Attention and “Sliced Attention”

On page 95, the definition of attention is given.  My question, or blog, is focusing on the extent we are able to process the material in an easy or difficult way.  There are two factors that determine this: whether we have clear goals, and whether the information we need is salient in the environment.  The part here that interests me is whether we have clear goals or not.  In the example of looking at a restaurant menu to find what exactly you will eat (with having no particular food in mind) it looks like the person has absolutely no idea what they want.  I believe that people do know what they want, though.  There is a reason that they went into the restaurant they frequent.  Why do you go to a hamburger place?  Most likely, to get a hamburger.  You just select from all of the choices you have of different hamburgers, but you always knew you wanted a hamburger of some type, right?  Why else would you (you decided to go, you didn’t just join a friend who went, in this example – you had a hamburger craving!) want to go there then?  Keep this in mind.

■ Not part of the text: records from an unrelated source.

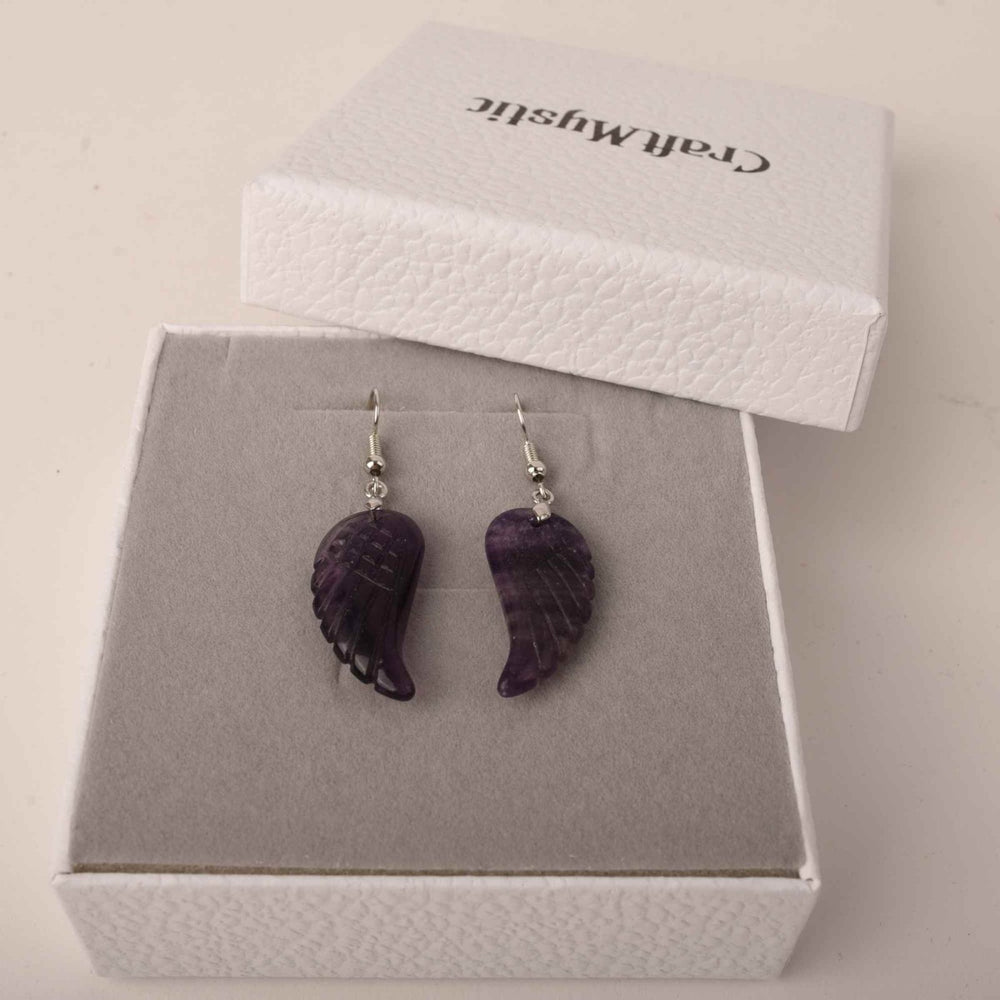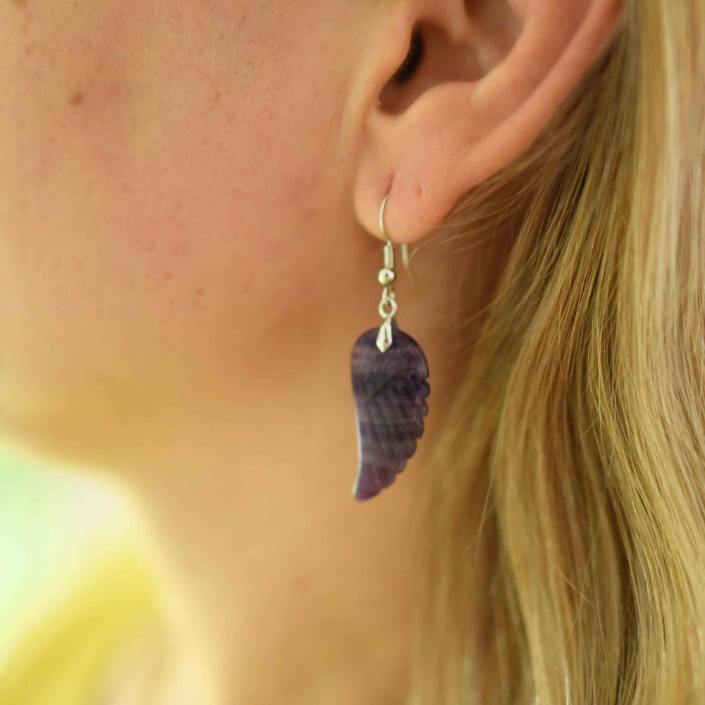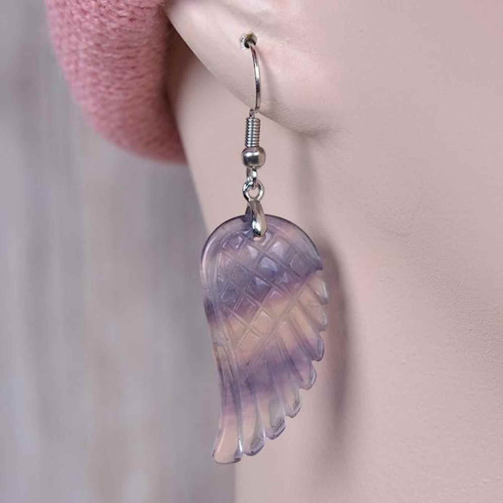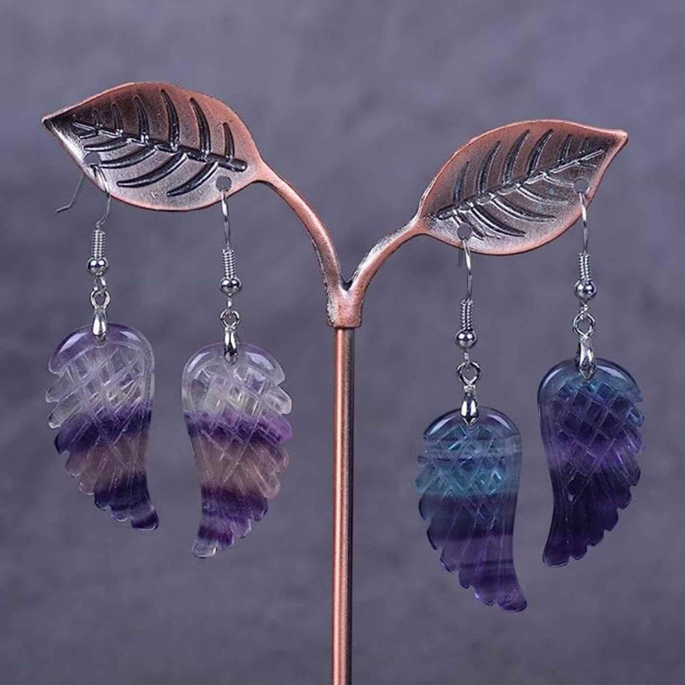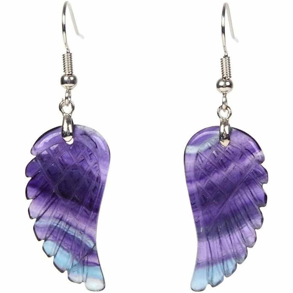 Cercei aripi de inger din piatra semipretioasa Fluorit 3 cm
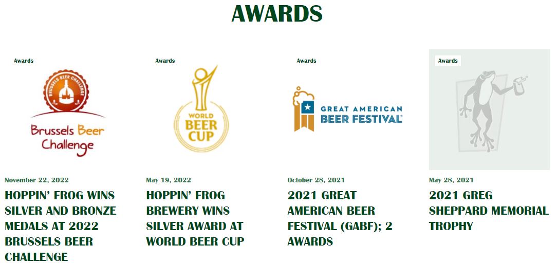 Hoppin' Frog精心投入研製各種創意、特色口味之精釀啤酒,現有超過百種啤酒產品:https://hoppinfrog.com/beers/
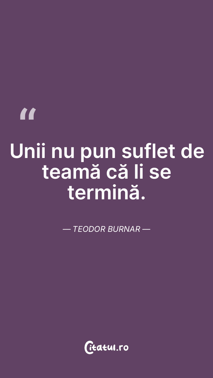 Unii nu pun suflet de teamă că li se termină. Teodor Burnar
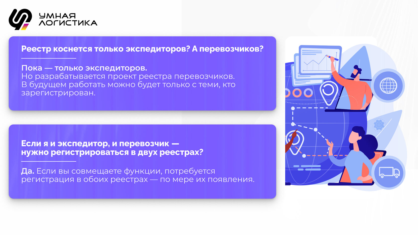 Если у компании в ОКВЭД указана экспедиторская деятельность, но фактически она ею не занимается — не нужно регистрироваться в реестре. | | | | Шаг 2: Подготовьтесь к обязательному реестру экспедиторов с 1 марта 2026 года | | | Реестр экспедиторов — часть системы ГосЛог. Без регистрации в нем нельзя будет работать, иначе — штраф. Предварительно это от 100 до 300 тысяч рублей как минимум. В реестр попадут не все — нужно соблюсти требования. Таким образом государство рассчитывает очистить рынок от недобросовестных игроков. | | | Проверить соответствие требованиям:- нет долгов по налогам;
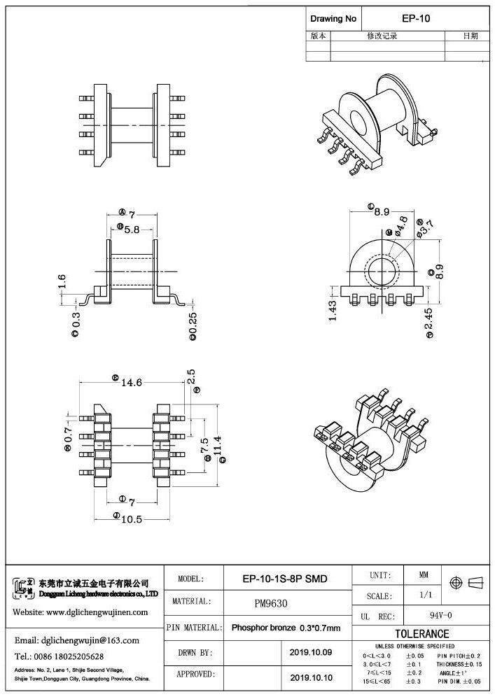 EP10 SMT Transformer Bobbins (4+4P),EP10 Transformer Accessories Bobbins,PM9630 Material, With Good High Temperature Resistance.
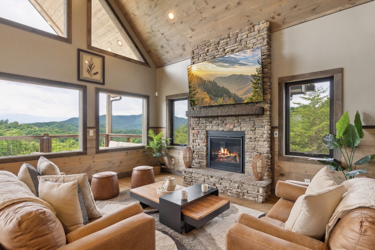 Escape to Snoring Bear, a stunning 3-level cabin with breathtaking views of the Smokies and Pigeon Forge! Located behind Dollywood, you can hear the train and watch fireworks from the fire pit. Perfectly located near top attractions yet tucked away for a peaceful retreat.Sip your morning coffee on the deck, soak in the scenery, and enjoy a complimentary bottle of wine on 3+ night stays Must be 24+ to book. No pets allowed. Book now for unforgettable mountain memories! Follow@snoringbear_cabins
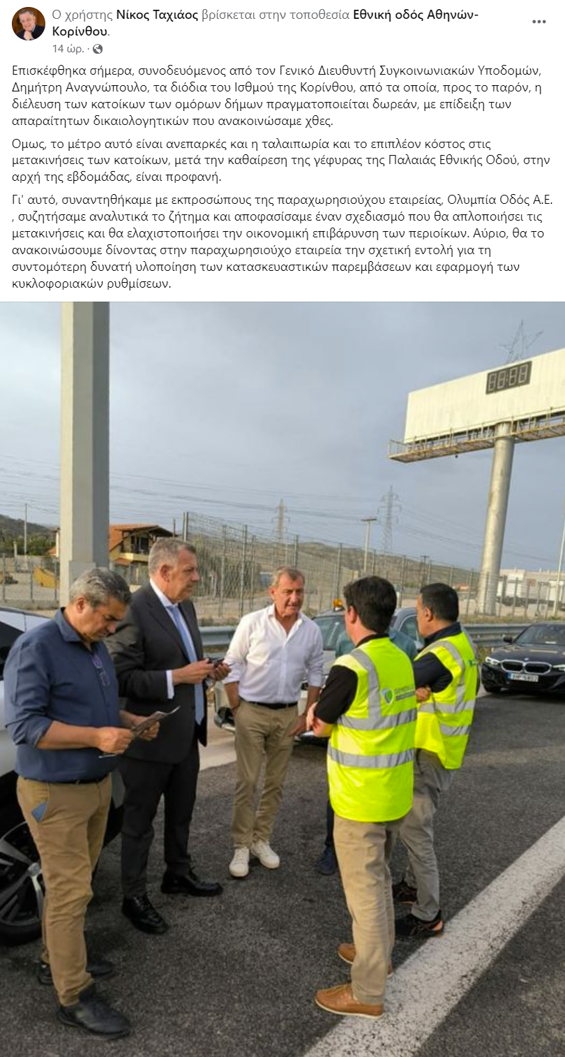 Όπως έγραψε σε ανάρτησή του στα social media, στα διόδια του Ισθμού η διέλευση των κατοίκων των όμορων δήμων πραγματοποιείται δωρεάν, με επίδειξη των απαραίτητων δικαιολογητικών που ανακοινώθηκαν χθες. Ωστόσο, το μέτρο αυτό είναι ανεπαρκές και η ταλαιπωρία καθώς και το επιπλέον κόστος στις μετακινήσεις των κατοίκων, μετά την καθαίρεση της γέφυρας της Παλαιάς Εθνικής Οδού στην αρχή της εβδομάδας, είναι προφανή.
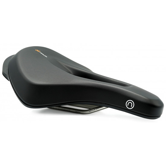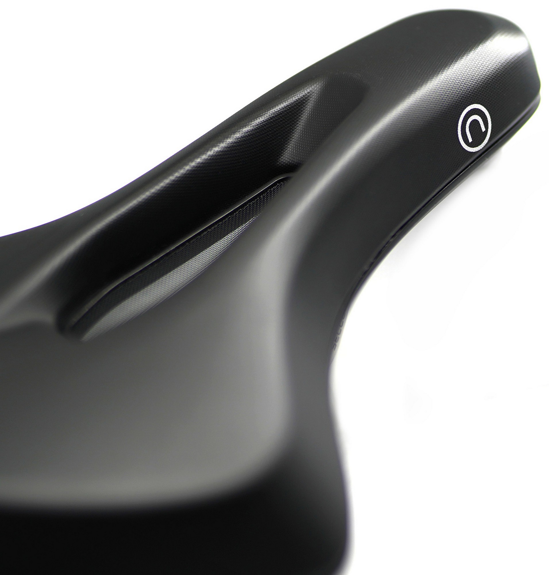 E-FIT DESIGN An innovative wave-shaped design to help you immediately find the correct position on your e-bike, its elevated rear section will prevent you from sliding backward to ensure maximum comfort for your back, while the uniquely flexible saddle sides add stability and facilitate pedalling.
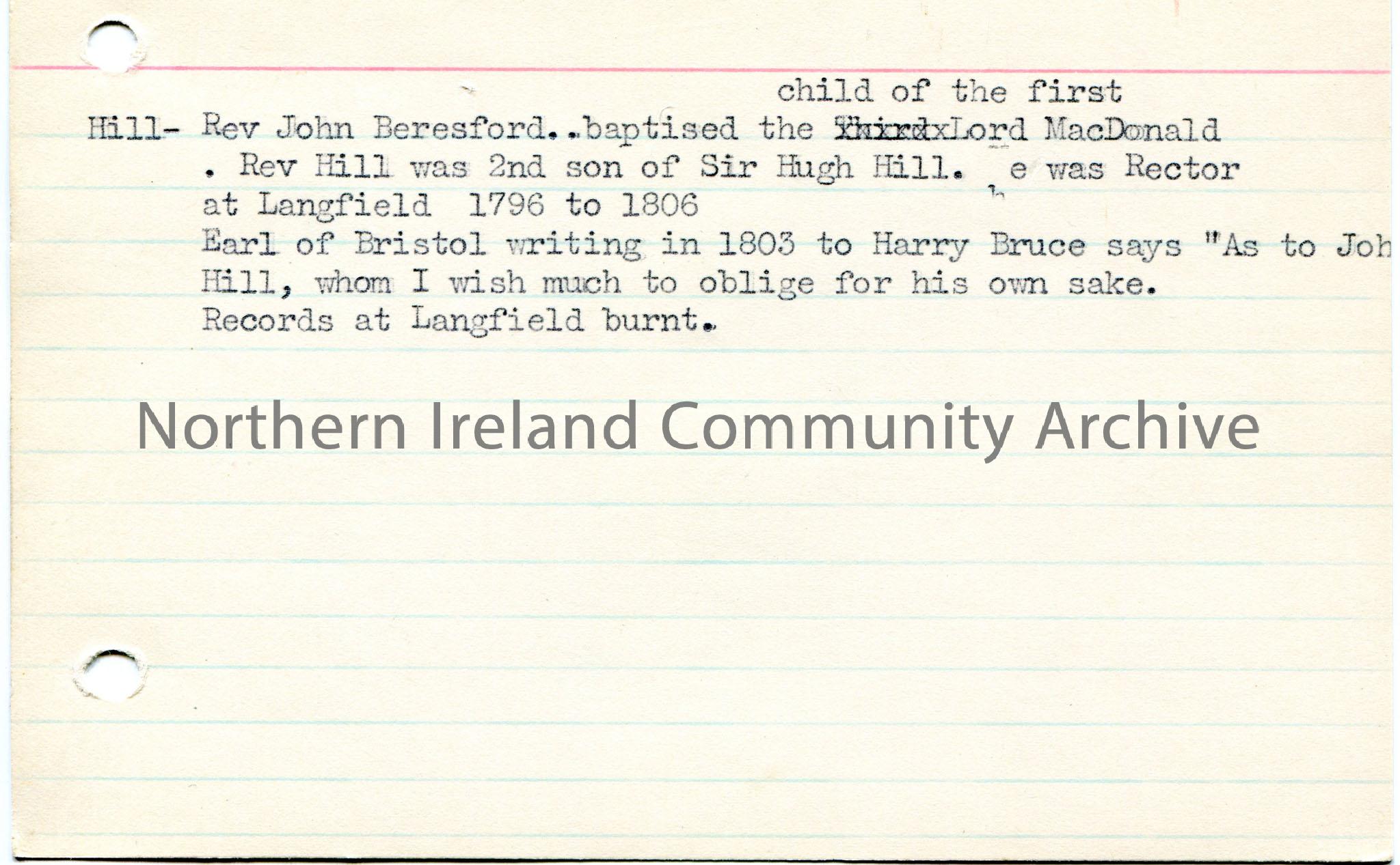 Typed notes on lined card re Rev Hill, Rev John Beresford. Mentions Earl of Bristol and Harry Bruce.
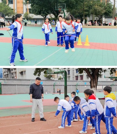 分学段规划不同项目,每班彩旗引领,杜绝站桩式活动,增添教学区地面游戏。家长志愿者参与指导“父母儿时的游戏”。
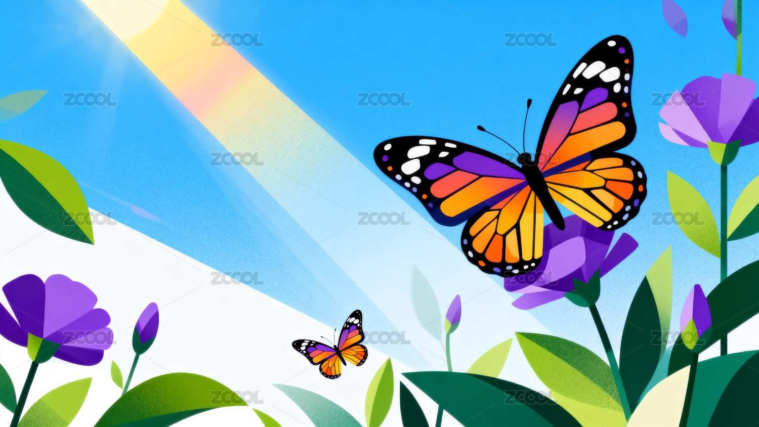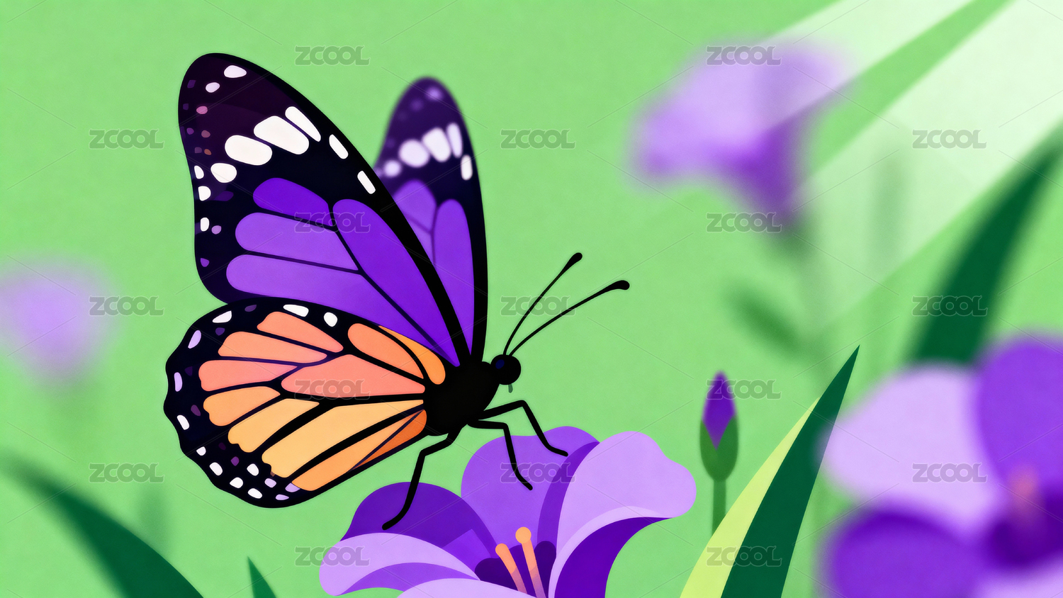 色彩斑斓蝴蝶与紫色花朵
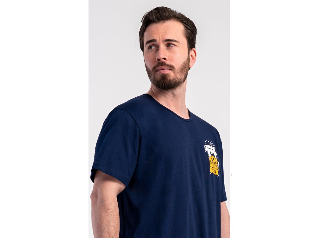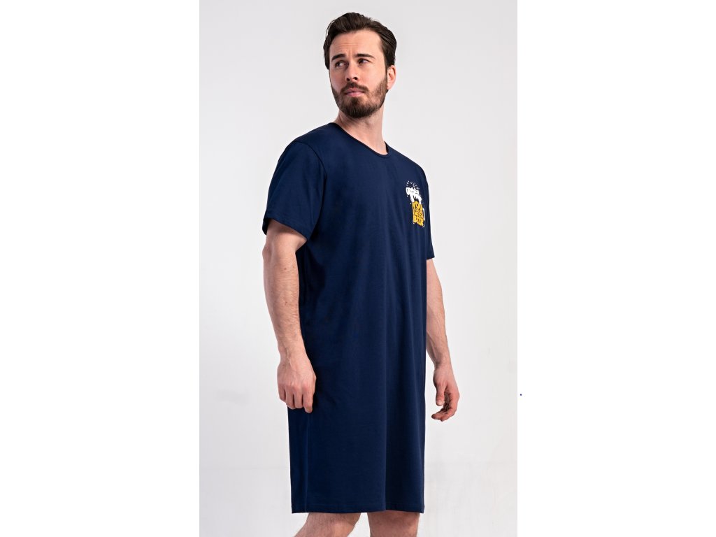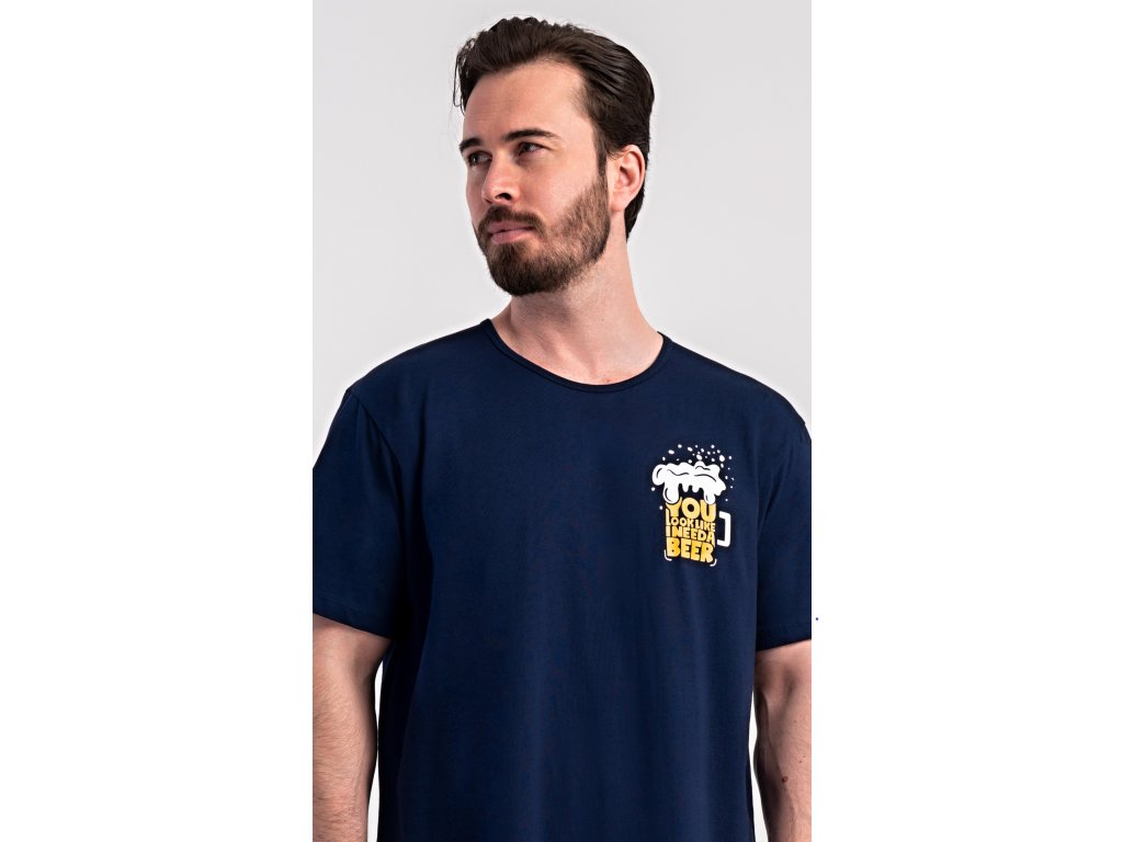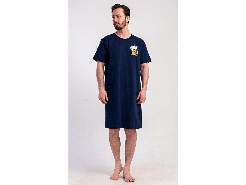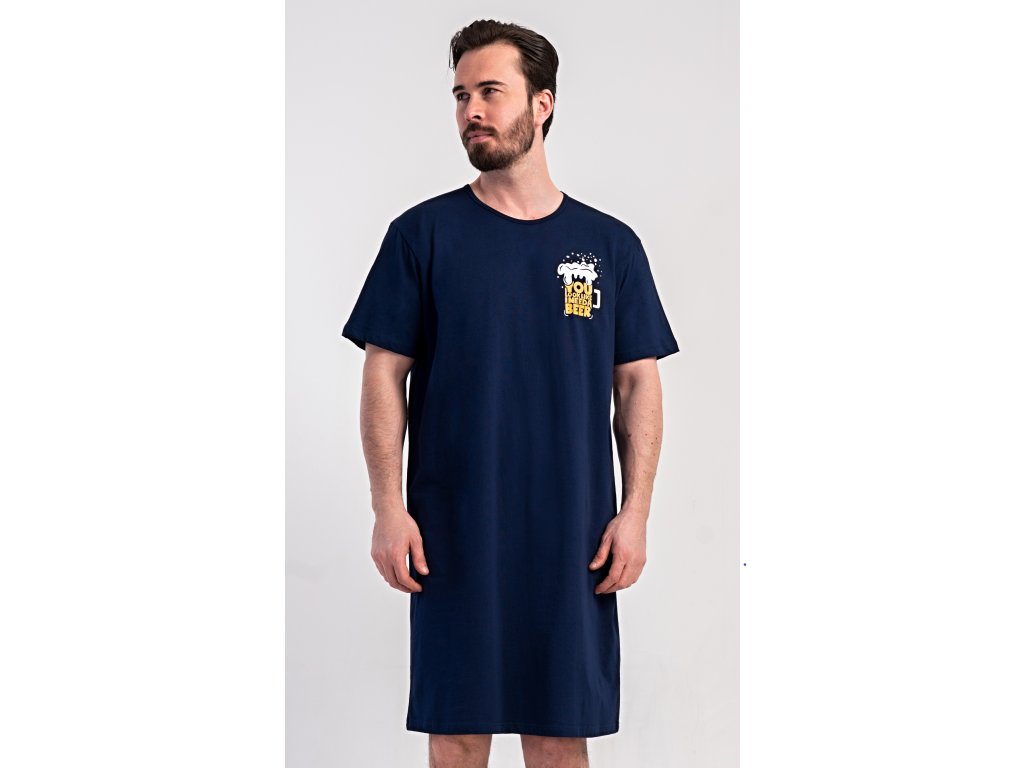 Pánska bavlnená nočná košeľa s krátkym rukávom Pivo. Jednofarebná pánska nočná košeľa s okrúhlym výstrihom a dĺžkou po kolená má na hrudi obrázok pollitra piva. Nočná košeľa je vhodným darčekom pre všetkých milovníkov piva. Použitý materiál s obsahom bavlny 100% je príjemný a poddajný na dotyk.

The second part that I think is extremely interesting is only two pages away from this on page 97.  It’s a little box that explains “Sliced Attention” as being able to ‘multi-app’ on a computer at one time.  Every person (at least, in our generation) does this at some point in time.  We can hold multiple conversations with people in instant messages while checking the news, weather, e-mail, sports statistics, and other things online.  What I’m wondering about it how this “Sliced Attention” is related to our goals we set for our attention to focus on.  Can anybody think of a way that these two ideas can be related?  I can.